If I can think of a simple condition involving $F$, $p$, and $\mu$ alone, allowing a decomposition, I'll post it.

ADDED 2 hours later.

Suppose $F$ is continuous, with support $\mathbb R$. Since $F$ is a non trivial mixture of $G$ and $H$, we have $G\ll F$ and $H\ll F$, and thus $G$ and $H$ have Radon-Nikodym derivatives with respect to $F:$ call them $\gamma$ and $\eta$. The desired decomposition thus requires $p\gamma(x) +(1-p)\eta(x)=1$ for almost all (w.r.t. $F$) values of $x$, and $\int_{\mathbb R} \gamma(x) F(dx)=\int_{\mathbb R} \eta(x) F(dx) = 1$ and $\int_{\mathbb R} x \gamma(x) F(dx)=\mu$. And, of course, $\gamma(x)\ge 0$ and $\eta(x)\ge 0$, for almost all $x$.This is, in a sense, a linear programming problem (or feasibility problem). The unknown function $\eta$ can be eliminated from this setup by noting that given $\gamma$, we find $\eta=(1-p\gamma)/(1-p)$, and the non-negativity constraint on $\eta$ can be transferred to $\gamma$ by requiring $0\le \gamma(x) \le 1/p$.
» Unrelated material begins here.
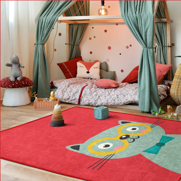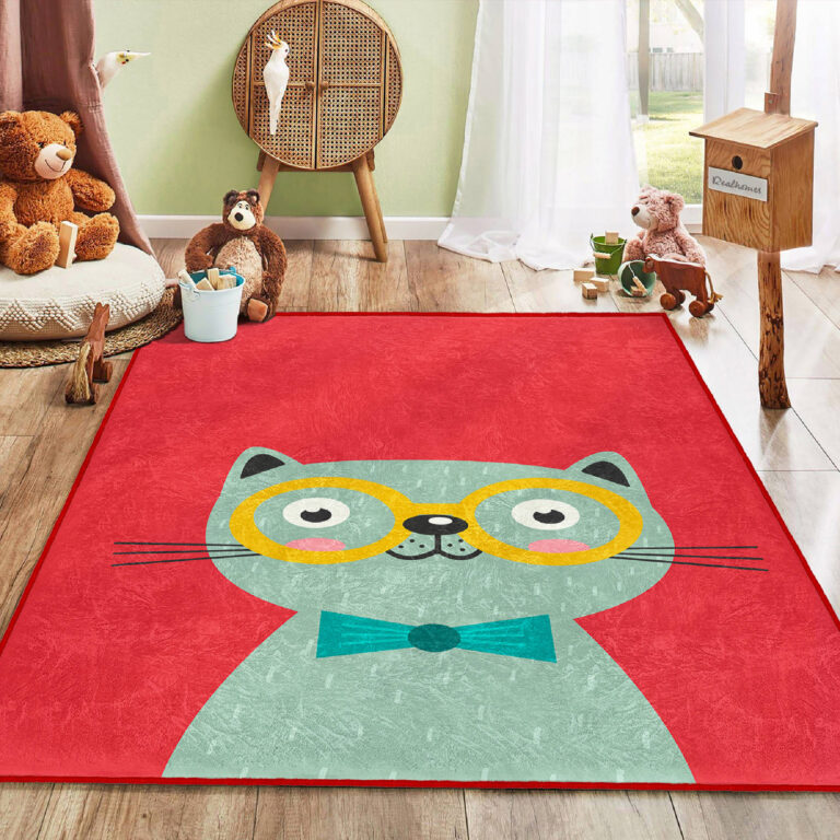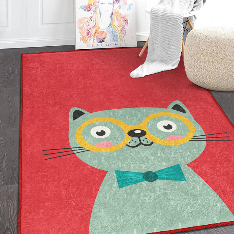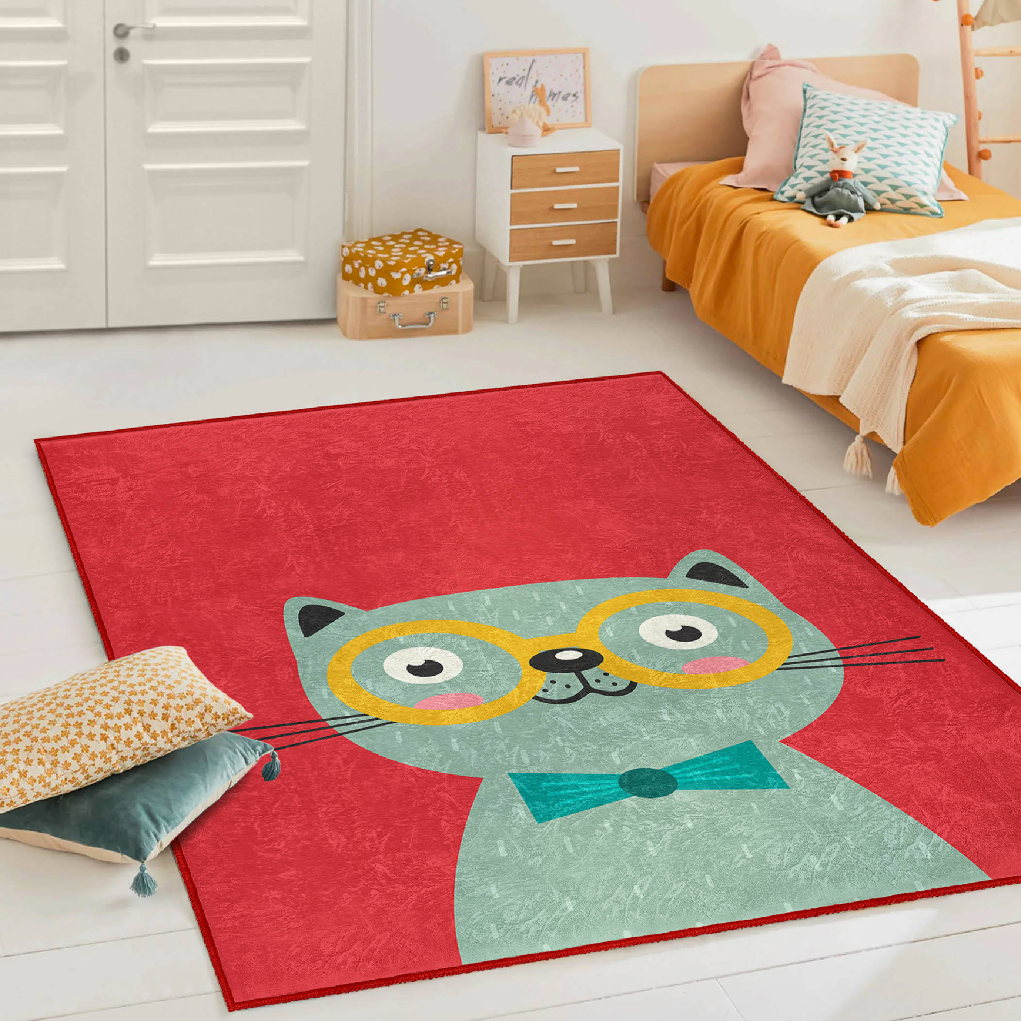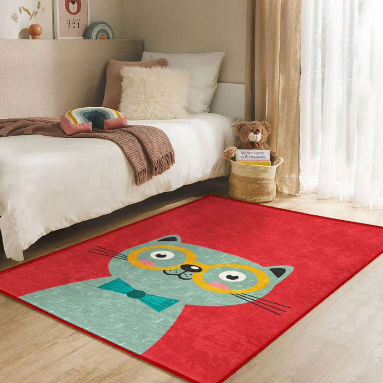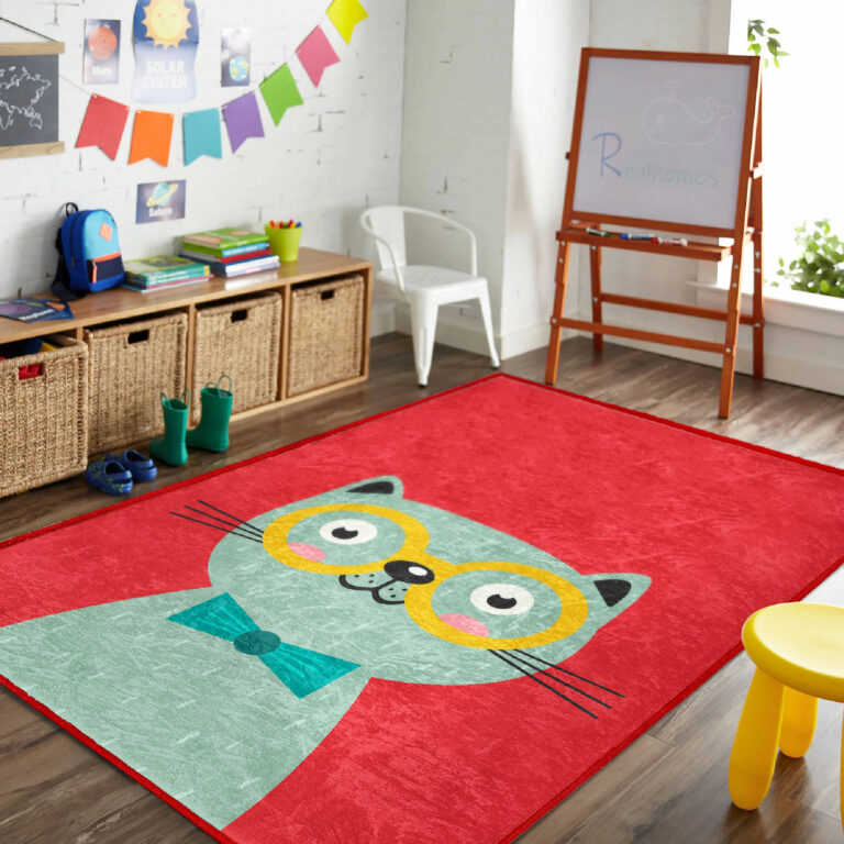 Şirin Kedi Desenli Yıkanabilir Kaymaz Taban Çocuk Halısı – Dikdörtgen Şekilde Tasarlandı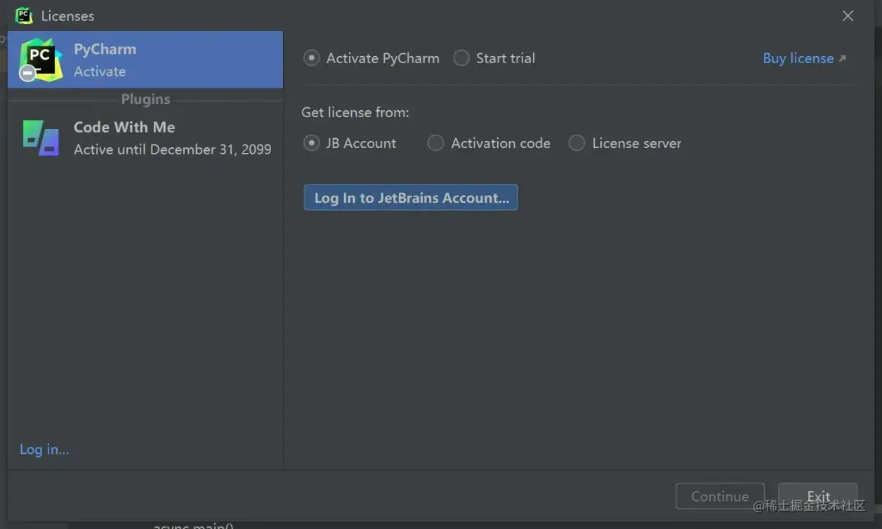 Pycharm 运行成功后,会弹出如下对号框,强制用户需要先登录 JetBrains 账户才能使用:

I think the following sketch shows when such a $\gamma$ exists. For each $t\in [0,1-p]$ let $A(t) = F^{-1}(1-p-t)$ and $B(t) = F^{-1}(1-t)$. Thus, $p$ of $X$'s mass lies between $A(t)$ and $B(t)$, and $t$ of the mass lies above $B(t)$. Now consider the decreasing function $m(t) = \int_{A(t)}^{B(t)} x F(dx)/p$. If $\mu = m(t)$ for some $t$, we are done: let $\gamma=I_{[A(t),B(t)]}/p$. If there is no such $t$, I think the problem is infeasible. Which could happen if $\mu$ is too big.